Но ту, с косичками, попавшуюся ей на перроне в сопровождении загорелой чернушки с южного поезда, перехватил лысоватый потный тип в потёртом костюме. Держась поодаль, Пипа проследовала за ними до стеклянных дверей привокзального ресторана, откуда следила как козёл заказывал косичкам сок манго в банке. Затем он достал из кармана пиджака мятый кулёк. Устрица с косичками высыпала на ладонь пару каштанинок, редкость для Москвы. Со времён летних, пионеркой, турпоездок Пипа знала, что так можно ненароком целый южный город с собою захватить, впавший в детство. Смялись скалы-здания, понежнели, завязью слиплись, а время корочкой застарело.
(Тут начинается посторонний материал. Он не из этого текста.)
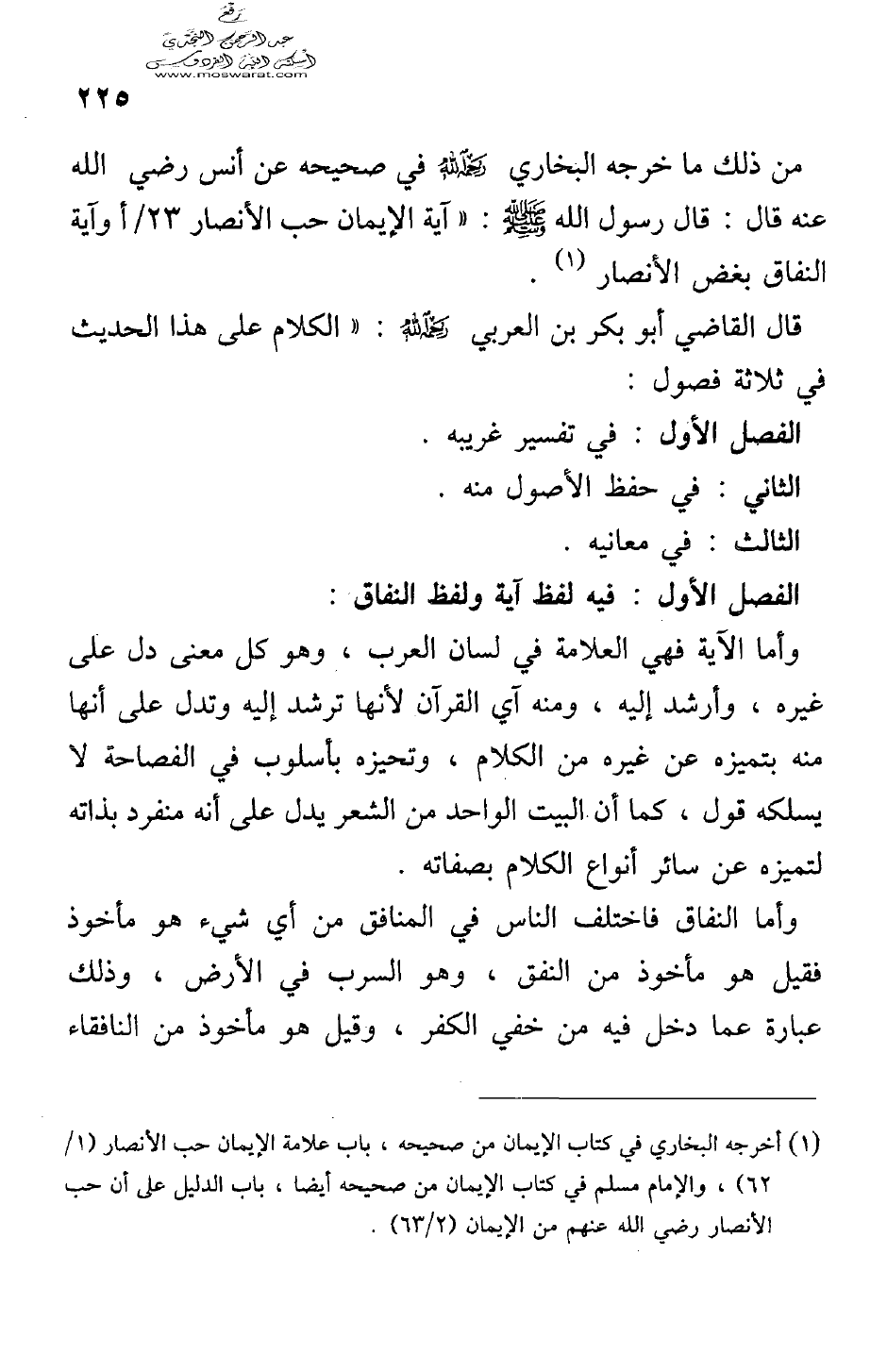 قال القاضي أبو بكر بن العربي رحمه الله: ((الكلام على هذا الحديث في ثلاثة فصول: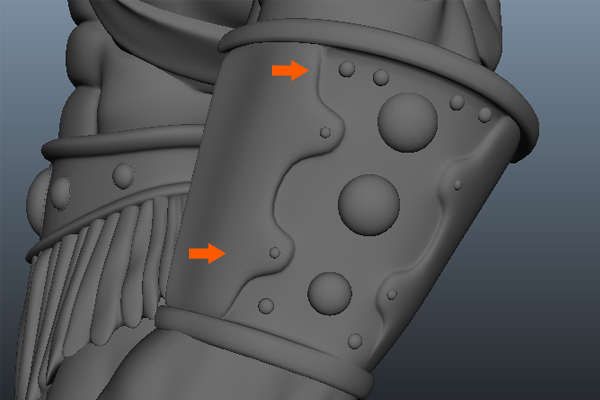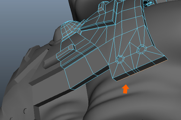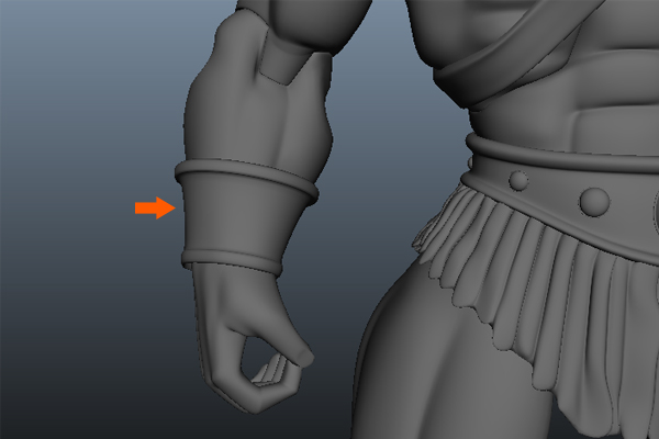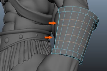 Keep Extruding around the arm to complete the armor's belt.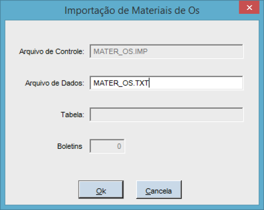 O nome do arquivo a ser importado deverá ser MATER_OS.TXT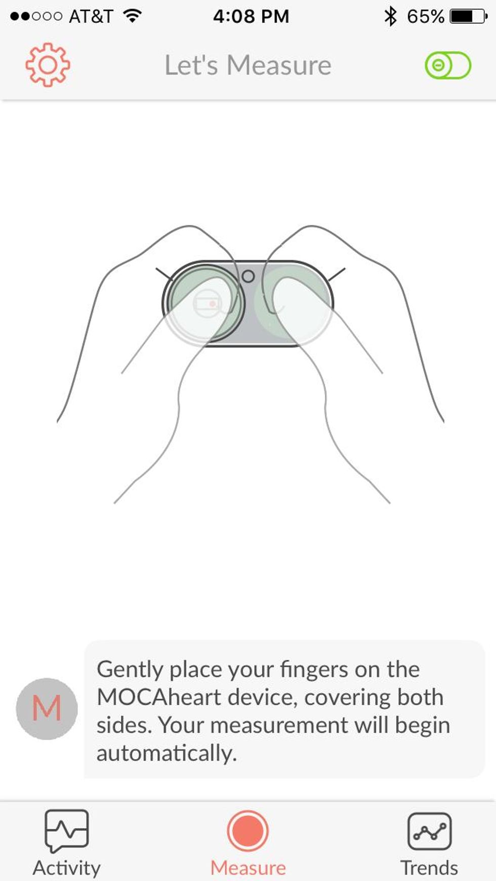 MOCAheart takes advantage of a sensor in the device to read your heart's electrical signal as to when blood was pumped by the heart—and when that blood reached your fingertip. That speed is the blood velocity. The device can also read read the time between each pump, or beat and beams light through your finger, as well, to detect how oxygenated your blood actually is. Pro tip: You want a lot of oxygen in your blood. Normal would be 95 percent to 99 percent.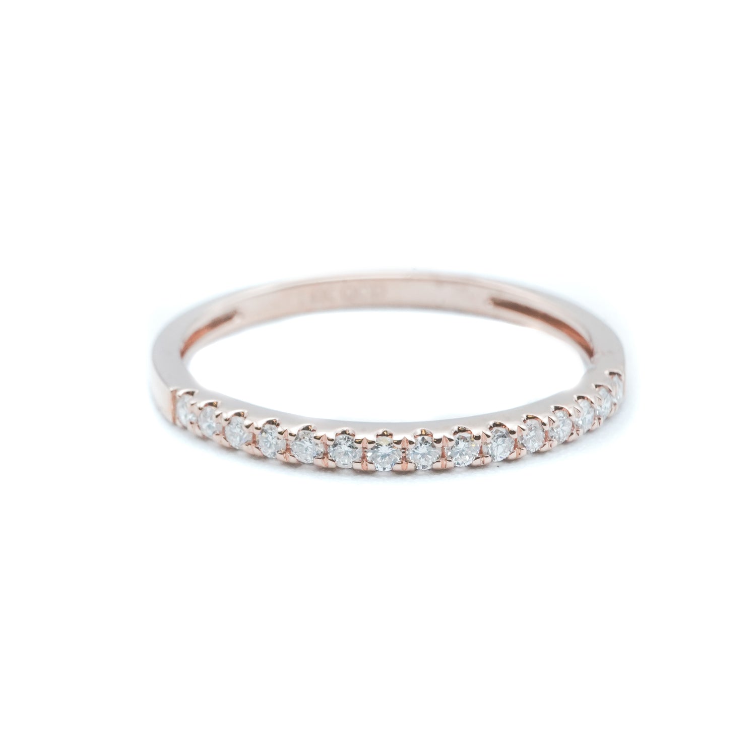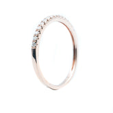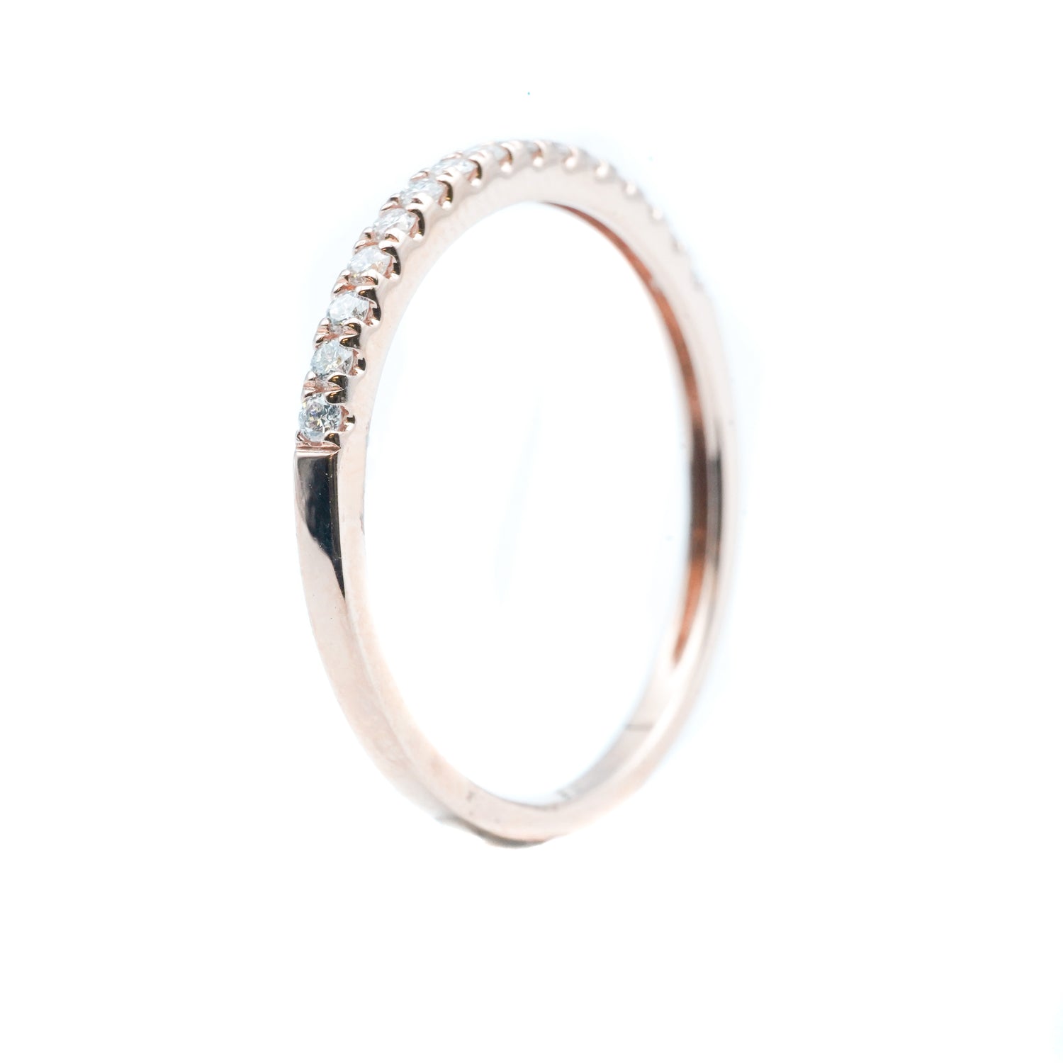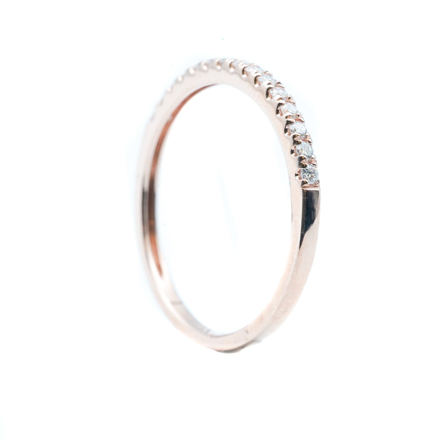 This 14K Rose Gold Wedding Band is the epitome of timeless elegance, designed to symbolize your enduring love. Featuring 0.20ct of dazzling round diamonds, each meticulously held in a secure 4-prong setting, this band radiates brilliance and sophistication. The diamonds are artfully arranged along the top half of the band, ensuring a stunning sparkle that catches the light with every movement.

Но когда припечёт, расправятся скалы и город, источатся ароматом сквозь трещинку. Каштановое узнавание. А вернёшься откуда уехал — без этой ароматной архитектуры незнакомое голое нагромождение найдёшь и речка не горным потоком, а лимфой будет сочиться, до тех пор, пока кто-то элегантно не чмокнет тебя в перчатку липкой почкой, оказавшись знакомой скамейкой в чеховском саду, и когда будешь вкушать терпкую липучку, полопаются и соседние, клейкой чехардой успевая удержать летучие кусочки растерянных фасадов, подмигивающих, чтобы поддержать знакомство. А если некого чмокнуть, древесный пыл порастёт вот такими самопоцелуйными катышами. Пипа вздохнула. Над девчонкой с косицами в воздухе едва держалась ароматными линиями пастельная архитектура, сокрушаясь вокзальным сквозняком, а незнакомый вкус и вовсе лишил её сооружения малейшей опоры, которая двумя чешуйками обвалилась на девичьи колени. Пипа поскучнела. Иногда самые достоверные чувства приводят к руинам. Зато игра чувствами руины прекрасно консервирует. Тут её взгляд пересёкся со внимательным взглядом чернушки, та сделала Пипе знак. Через несколько минут Азеб встретилась с мамкой в пахнущей хлоркой туалетной комнате. — Я о тебе от Робсона знаю, — сказала эфиопка. — Целка эта интернатская, Амазонетта, уже третий день как осоловела, сразу как мы в поезде поехали, надо торопиться. Да ещё у нас и деньги кончились. У тебя есть клофелин? Пипа кивнула. — Когда они одуреют, болвана я в зал ожидания оттащу, а ты Амазонетту в Ленинградскую доставишь.